Terrestrial ecoregion in South America

The Humid Chaco (Spanish: Chaco Húmedo or Chaco Oriental) is a tropical grasslands, savannas, and shrublands ecoregion in South America. It lies in the basin of the Paraná River, covering portions of central Paraguay and northern Argentina, and with a small portion of southwestern Brazil and northwestern Uruguay. The natural vegetation is a mosaic of grasslands, palm savanna, and forest.

==Geography==
The Humid Chaco lies in the lowlands of the Paraná river and its tributaries, including the Paraguay River. It is bounded on the west by the Dry Chaco, a semi-arid region of dry forests and savannas. The Alto Paraná Atlantic forests lie to the east, and the Cerrado grasslands to the northeast.

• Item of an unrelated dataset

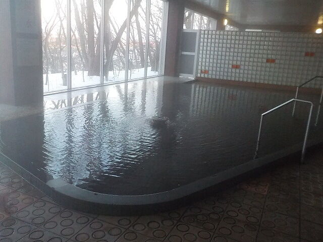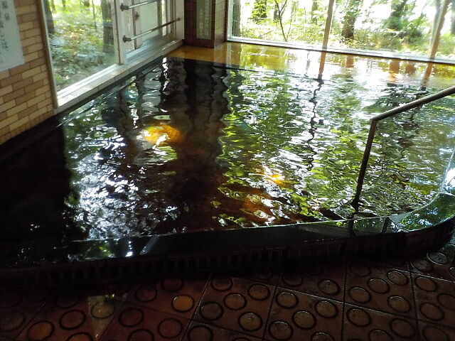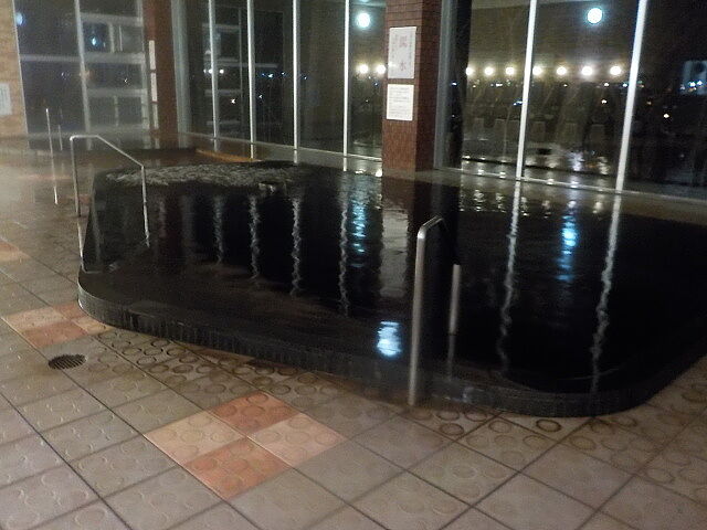 大浴槽はバイブラの浅湯と普通の浴槽からなる。注湯量は約30ℓ/分。知覚的には、微弱モール・微弱たまご臭、微弱重曹・微弱たまご味。黒湯に近いコーヒー色で透明度は約30cm。腐植質系の湯の華が浮遊している。溢れた湯は湯縁からオーバーフローしている。気温の高い期間のみ加水・かけ流し。モール系のぬるりとした浴感あり。

It borders on some large flooded grasslands and savannas, including the Paraná flooded savanna along the lower Paraná and Paraguay rivers, the Pantanal to the north, and the Southern Cone Mesopotamian savanna to the southeast between the Paraná and Uruguay rivers.

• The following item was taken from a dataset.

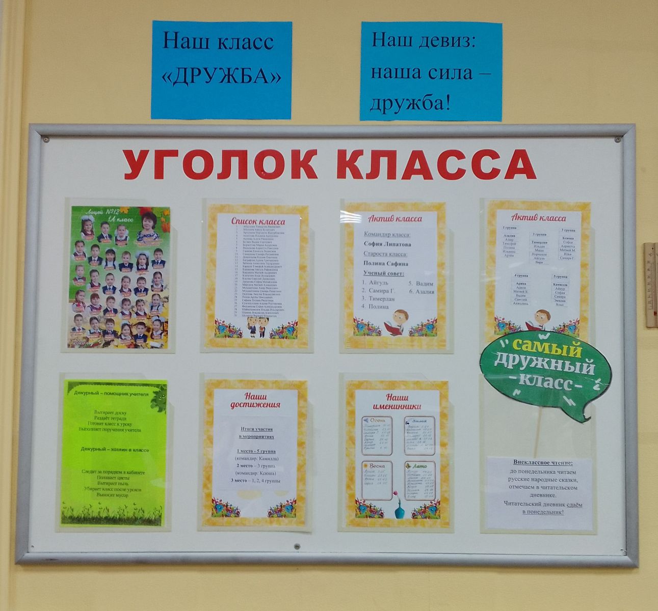 В лицее прошёл Смотр отрядных уголков. По результатам смотра лучшими среди начальных классов признаны уголки 3 «а» (кл.руководитель Валиева Р.Г) и 3 «г» ( кл.руководитель Шаймарданова Р.Ф.), среди 5-8 классов -5 «а» (кл.руководитель Хайретдинова Л.И.) и 5 «б» (кл.руководитель Закирова В.Н.).

The topography is generally flat or gently rising, and the soils are mostly fine alluvium deposited by the area's rivers.

Asunción, Paraguay's capital, lies in the ecoregion.

==Climate==
The climate is tropical, becoming subtropical towards the south. Average annual rainfall generally decreases towards the west, and ranges from 1,300 mm in the wetter eastern portions to 750 mm in the west near the transition to the Dry Chaco. Rainfall is highest in the summer months (January to April) and lowest in the winter months (June to August).

==Flora==
The flora is a mosaic of grassland, savanna, forests, and bogs. Grasslands and savannas are generally found on higher ground, and forests along streams and in river floodplains. Bogs form seasonally or year-round over impermeable soil layers.

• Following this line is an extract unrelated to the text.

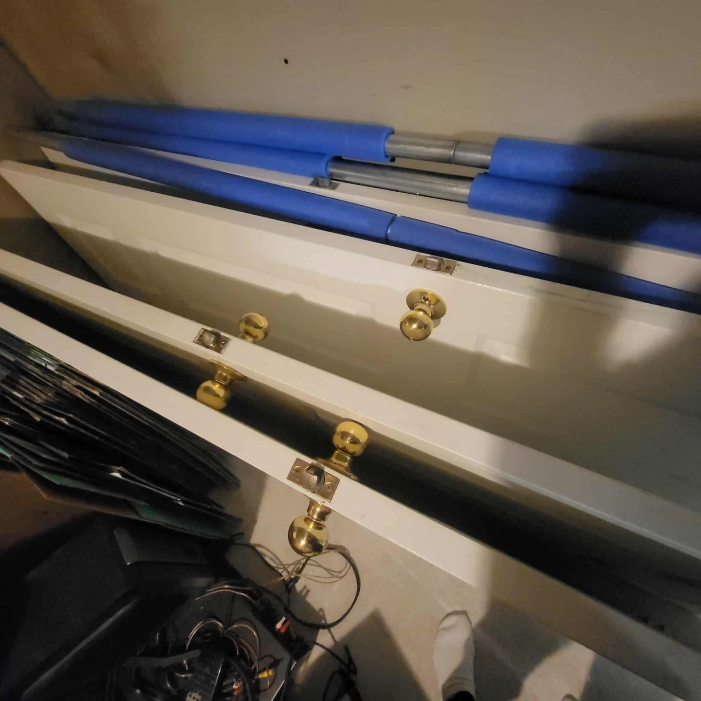 Pair of off-white interior doors. Gold-toned door knobs. Good condition. Solid core doors. $30 each

Grasslands are characterized by tall, coarse grass. Palm savannas are common, including the palm Copernicia alba.

The most common trees in the forests are quebracho colorado (Schinopsis balansae) and quebracho blanco (Aspidosperma quebracho-blanco), together with guayacán (Caesalpinia paraguariensis), espina corona (Gleditsia amorphoides), urunday (Myracrodruon balansae), viraró (Ruprechtia laxiflora), palo piedra (Diplokeleba floribunda), guayaibí (Patagonula americana), zapallo caspini (Pisonia zapallo), lapacho negro (Tabebuia ipe), palo borracho del flor rosada (Chorisia speciosa), and itin (Prosopis kuntzei).

==Fauna==
Native mammals include puma (Puma concolor), jaguar (Panthera onca), maned wolf (Chrysocyon brachyurus), red brocket (Mazama americana), gray brocket (Mazama gouazoubira), marsh deer (Blastocerus dichotomus), pampas deer (Ozotoceros bezoarticus), White-lipped peccary (Tayassu pecari), collared peccary (Tayassu tajacu), giant anteater (Mymercophaga tridactyla), capybara (Hydrochaerys hydrochaeris), black howler monkey (Alouatta caraya), and Azara’s night monkey (Aotus azarae).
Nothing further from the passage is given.